The yen looks set to rise toward 105 against the dollar again, with the Bank of Tokyo-Mitsubishi UFJ Ltd. and Daiwa Securities Co. predicting a boost from fiscal year-end repatriation flows.
Japanese exporters left behind in the dollar-yen’s rapid slide this year will sell into any advance in the pair, according to Daiwa. That’s expected to support the yen further, even as market positioning on the currency shows a mixed trend.
The dollar-yen posted an average decline of 3.2 percent in the January-March period in the last four years, making it the worst quarter for the currency pair. Repatriation flows include export payments, coupons or interests from foreign investments, as well as dividends from exporters’ overseas units, according to Bank of Tokyo-Mitsubishi UFJ.
“The first quarter, especially from February to around mid-March, is a period that typically sparks yen buying,” said Minori Uchida, head of global market research at the lender. “With interest-rate differentials — which have been a key driver for currency direction — failing to affect spot levels, investors are turning to flows.”
The yen has climbed 5.5 percent this year and reached a 15-month high of 105.55 per dollar on Feb. 16. It was up 0.1% at 106.81 as of 9:59 a.m. in Tokyo.
Market positioning on the currency is mixed. While asset managers are adding to their longs, most large speculators are clinging to their shorts positions.
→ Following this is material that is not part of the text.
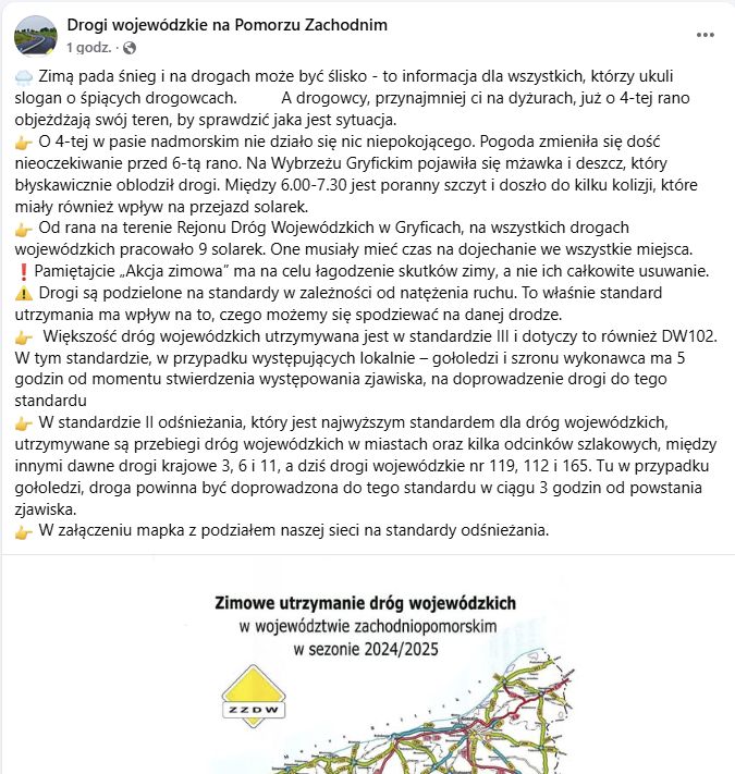 „Zimą pada śnieg i na drogach może być ślisko – to informacja dla wszystkich, którzy ukuli slogan o śpiących drogowcach. A drogowcy, przynajmniej ci na dyżurach, już o 4-tej rano objeżdżają swój teren, by sprawdzić jaka jest sytuacja. O 4-tej w pasie nadmorskim nie działo się nic niepokojącego. Pogoda zmieniła się dość nieoczekiwanie przed 6-tą rano. Na Wybrzeżu Gryfickim pojawiła się mżawka i deszcz, który błyskawicznie oblodził drogi. Między 6.00-7.30 jest poranny szczyt i doszło do kilku kolizji, które miały również wpływ na przejazd solarek” – czytamy.
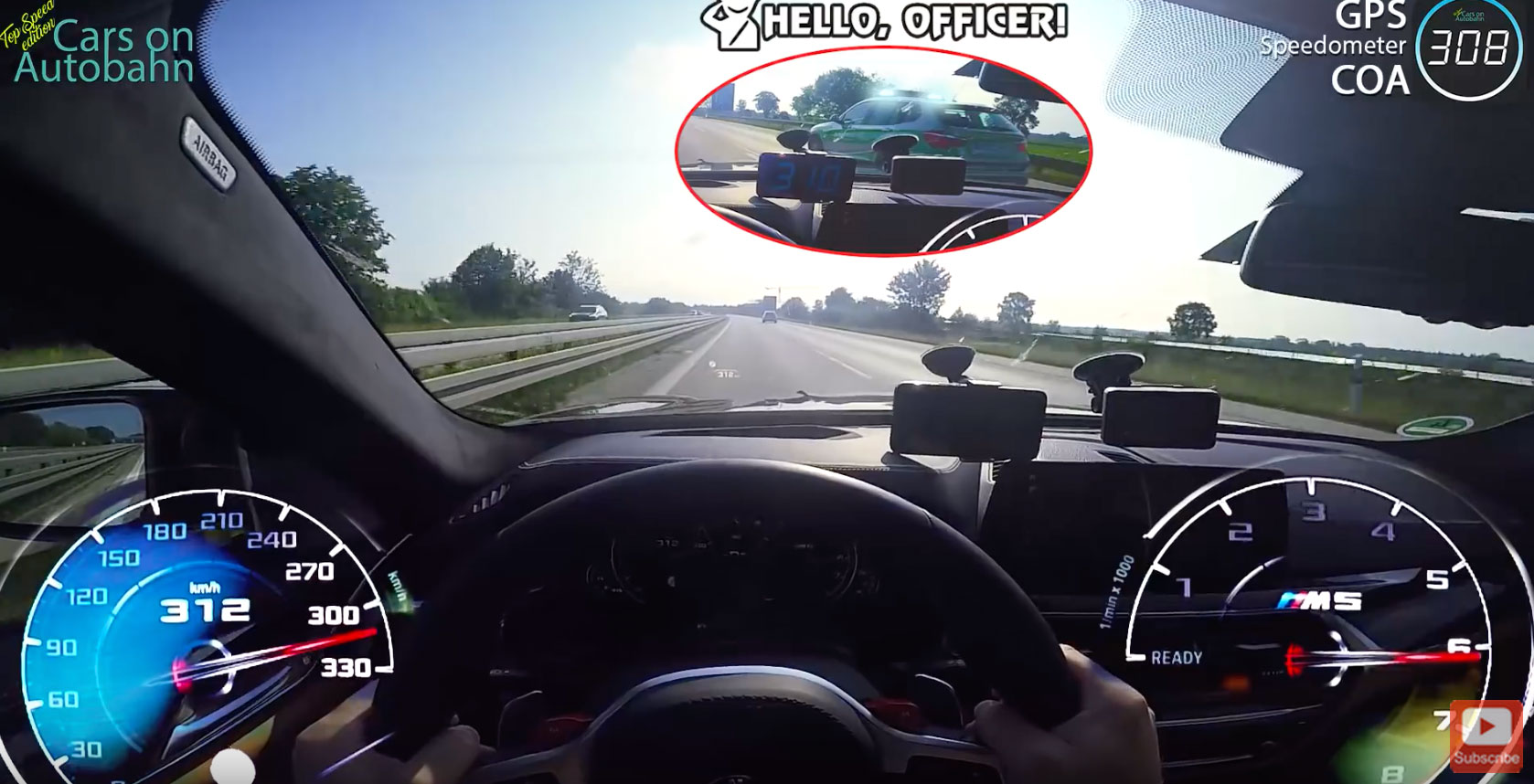 Take for example this new BMW F90 M5 which was captured on video flying on the Autobahn at a top speed of 312 km/h. And if that’s not enough to impress you, then the fact that he was able to do so while passing a police car is even more fascinating. There are no other places on Earth where the law will let you do so. Okay, unless you exclude the rural roads on the Isle of Man.

Leveraged funds remain short even after paring back for six straight weeks, according to data from the Commodity Futures Trading Commission.
Although the extent of its appreciation has surprised the market somewhat even in the light of Japan’s current account or trade surpluses, investors have continued to focus on yen-buying factors such as its strength against other currencies, according to Yukio Ishizuki, senior currency strategist at Daiwa Securities in Tokyo.
“The lack of a clear rebound in yen crosses is also weighing on dollar-yen,” he said, citing the Japanese currency’s gains against the Australian dollar and the euro.
Uchida of Bank of Tokyo-Mitsubishi UFJ also pointed to slowing purchases of overseas bonds by local investors, as the U.S. 10-year Treasury yield stays near 3 percent.
The Japanese were net sellers of foreign bonds in each of the three weeks ended Feb. 16, according to data from the Ministry of Finance. Investors are keenly awaiting new Federal Reserve Chairman Jerome Powell’s testimony to the Congress this week to try and gauge the pace of the U.S. policy tightening.
“With investors unsure right now of whether the U.S. 10-year yield would peak around 3 percent or not, outbound flows which usually help absorb repatriations are currently being withheld,” said Uchida.